La nexi datio, il primitivo istituto dell’arcaico diritto romano, con il quale il debitore volontariamente “si vendeva” al creditore, entrando nel suo mancipium, rimanendovi prigioniero fin quando (e se) avesse saldato il debito, sembra quasi tornato in vita con il decreto legge n. 90 dell’anno di grazia 2014.
L’art. 50 infatti prevede per il neolaureato in giurisprudenza, il quale voglia accedere al concorso in magistratura, un nuovo percorso. Invece di conseguire un dottorato di ricerca, di ottenere un diploma (biennale) in una scuola universitaria di specializzazione per le professioni legali, invece di esercitare l’avvocatura per almeno cinque anni, invece, insomma di seguire una delle strade già tracciate (altre ne sono indicate dalla legge) per accedere a quello che è diventato un concorso di secondo livello, può decidere di entrare nel manicpium di un giudice di affidamento, che, se pure non avrà il jus vitae ac necis nei suoi confronti, avrà certamente la possibilità di decretarne – insindacabilmente – l’ammissione al (o la esclusione dal) concorso per diventare magistrato.
L’accesso in magistratura, infatti – finché non cambia(no) la Costituzione – avviene tramite concorso (art. 106).
E però l’accesso al concorso è regolato dalla legge ordinaria.
Da qualche anno, infatti, il concorso è (diventato) di secondo livello, vale a dire che non basta la semplice laurea in giurisprudenza, ma è necessario acquisire un ulteriore titolo (appunto: dottorato di ricerca, diploma presso le scuole di specializzazione nelle professioni legali, ecc.).
La preparazione richiesta per superare il concorso, tuttavia, rimane (per fortuna, a nostro parere) di taglio eminentemente teorico: il candidato deve dimostrare di avere, non solo una preparazione tecnica (conoscenza di dottrina e giurisprudenza), ma anche una più completa (e complessa) cultura giuridica. Non gli si chiede di saper risolvere casi concreti, ma di svolgere compiutamente tre temi (diritto civile, penale, amministrativo) e di affrontare una durissima prova orale che verte su 16 materie (più una lingua straniera).
È però intervenuta la novità che sopra abbiamo anticipato.
Il decreto legge n. 90 del 2014, infatti, come si è detto, prevedendo la istituzione del così detto “Ufficio del Processo”, dispone che in esso opereranno, come collaboratori del magistrato, il personale di cancelleria e gli stagisti, vale dire ragazzi neolaureati che gratuitamente presteranno la loro opera in questa struttura, in “posizione ancillare” (come testualmente recita la relazione al testo normativo).

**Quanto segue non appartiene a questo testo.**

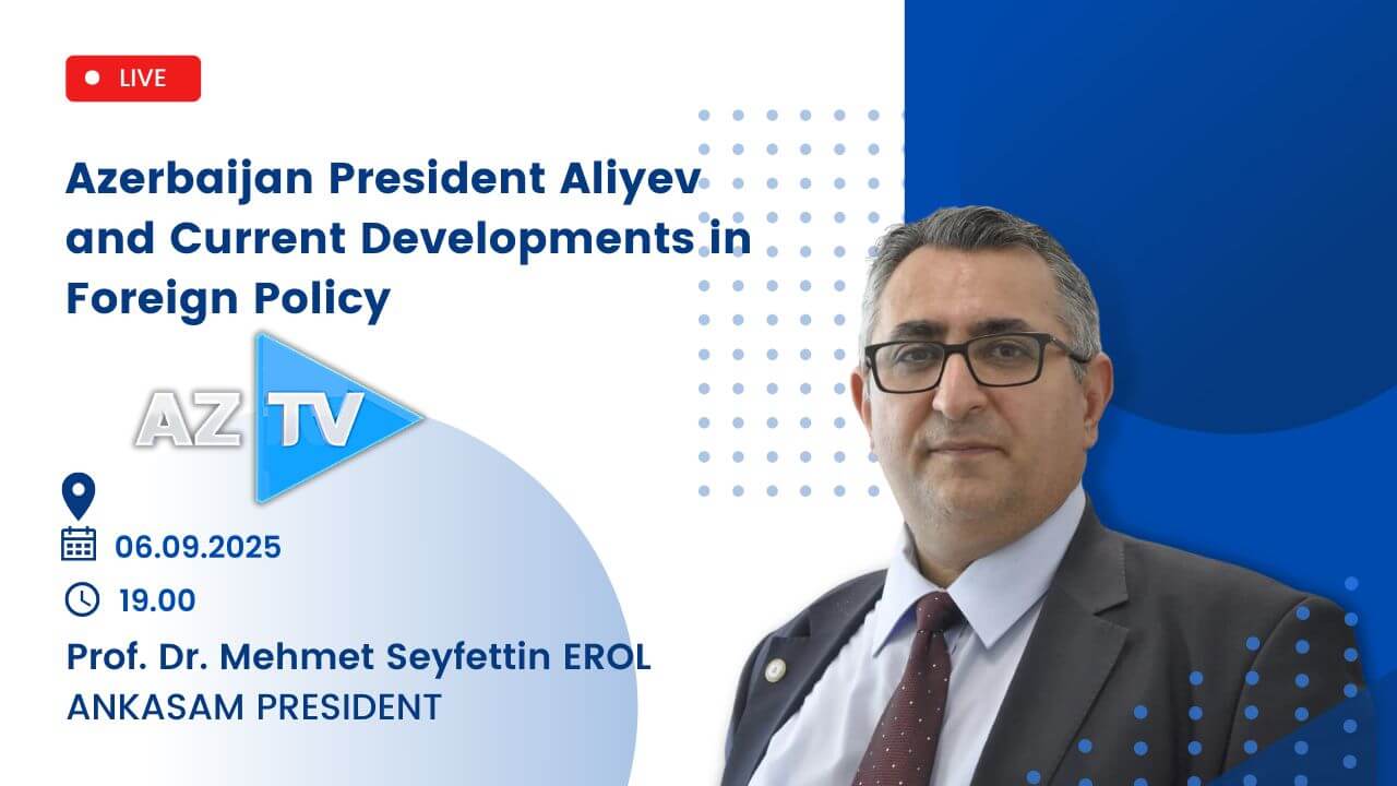 Author: ANKASAM AdminDate:06/09/2025Share:TwitterFacebookLinkedinReddItWhatsAppTelegramEmailPrintCopy URL AnnouncementsANKASAM President Prof. Dr. Mehmet Seyfettin Erol on AZTV! Similar Posts GLOBALPakistani PM: Trump Prevented War in Asia ANKASAM OUTLOOKFuture Prospects in Turkish-American Relations and the “TRC Alliance” CENTRAL ASIABerdymukhamedov in Baku: Azerbaijan and Turkmenistan intensify dialogue on key issues EURASIARussia interested in developing ties with Armenia in all areas — Kremlin spokesman EUROPEEU Decides to Lift Economic Sanctions on SyriaThis post is also available in: Türkçe Русский🗓️ 06.09.2025⏰ 19.00📍 AZTV📺 8:00 p.m. NewsANKASAM AdminPrevious articleANKASAM International Relations Advisor Dr. Kadir Ertaç Çelik on TV5!Next articleANKASAM President Prof. Dr. Mehmet Seyfettin Erol Assessed Azerbaijani President Aliyev and Current Developments in Foreign Policy on AZTV
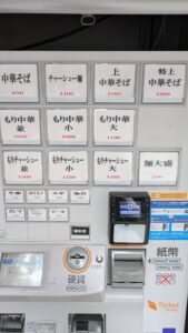 券売機のメニュー構成はこんな感じ。ちゃん系店標準メニューがラインナップ。店頭に先客で地方から来たであろう老夫婦一組と、男性一人客が待っている状況で先に券売機で食券を購入して待つことにします。

Ebbene, all’esito di questi stage, il magistrato di affidamento esprime il suo giudizio (vincolante) circa la possibilità dello stagista di partecipare al concorso per diventare magistrato.

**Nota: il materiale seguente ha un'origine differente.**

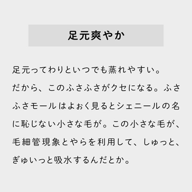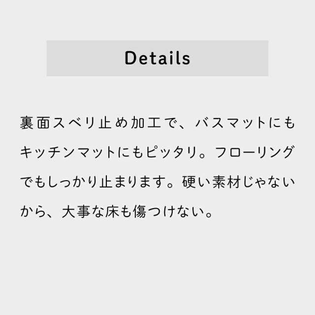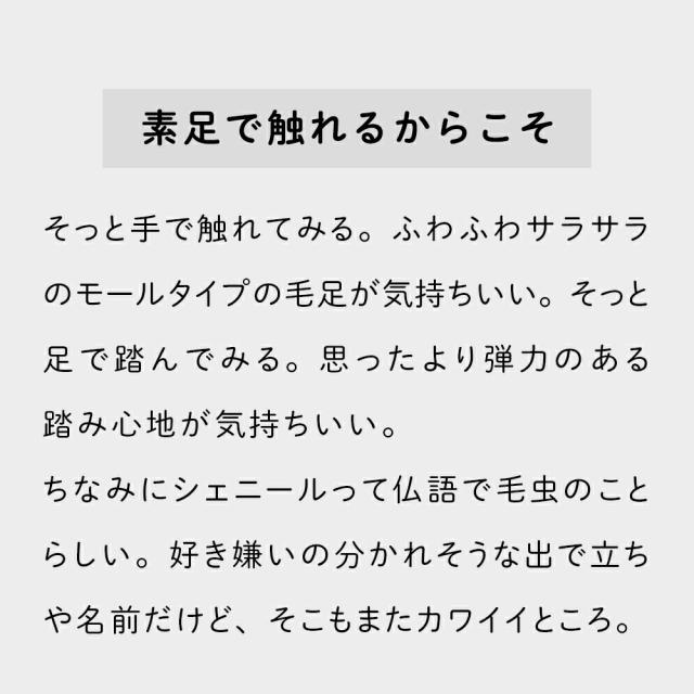 | ・素足で触れるからこそ そっと手で触れてみる。ふわふわサラサラのモールタイプの毛足が気持ちいい。そっと足で踏んでみる。思ったより弾力のある踏み心地が気持ちいい。ちなみにシェニールって仏語で毛虫のことらしい。好き嫌いの分かれそうな出で立ちや名前だけど、そこもまたカワイイところ。 ・足元爽やか足元ってわりといつでも蒸れやすい。だから、このふさふささがクセになる。ふさふさモールはよぉく見るとシェニールの名に恥じない小さな毛が。この小さな毛が、毛細管現象とやらを利用して、しゅっと、ぎゅぅっと吸水するんだとか。 ・Details裏面スベリ止め加工で、バスマットにもキッチンマットにもピッタリ。フローリングでもしっかり止まります。硬い素材じゃないから、大事な床も傷つけない。 | |

E’ stata quindi prevista (surrettiziamente) un’ulteriore modalità per l’accesso al concorso in magistratura. Un percorso, apparentemente, appetibile perché più breve (18 mesi invece dei due anni della scuola di specializzazione o dei tempi – e della preparazione – necessaria per superare l’esame di avvocato, tanto per dire) e perché dà al giovane laureato l’impressione (l’illusione?) di essere diventato (già) una quasi-magistrato.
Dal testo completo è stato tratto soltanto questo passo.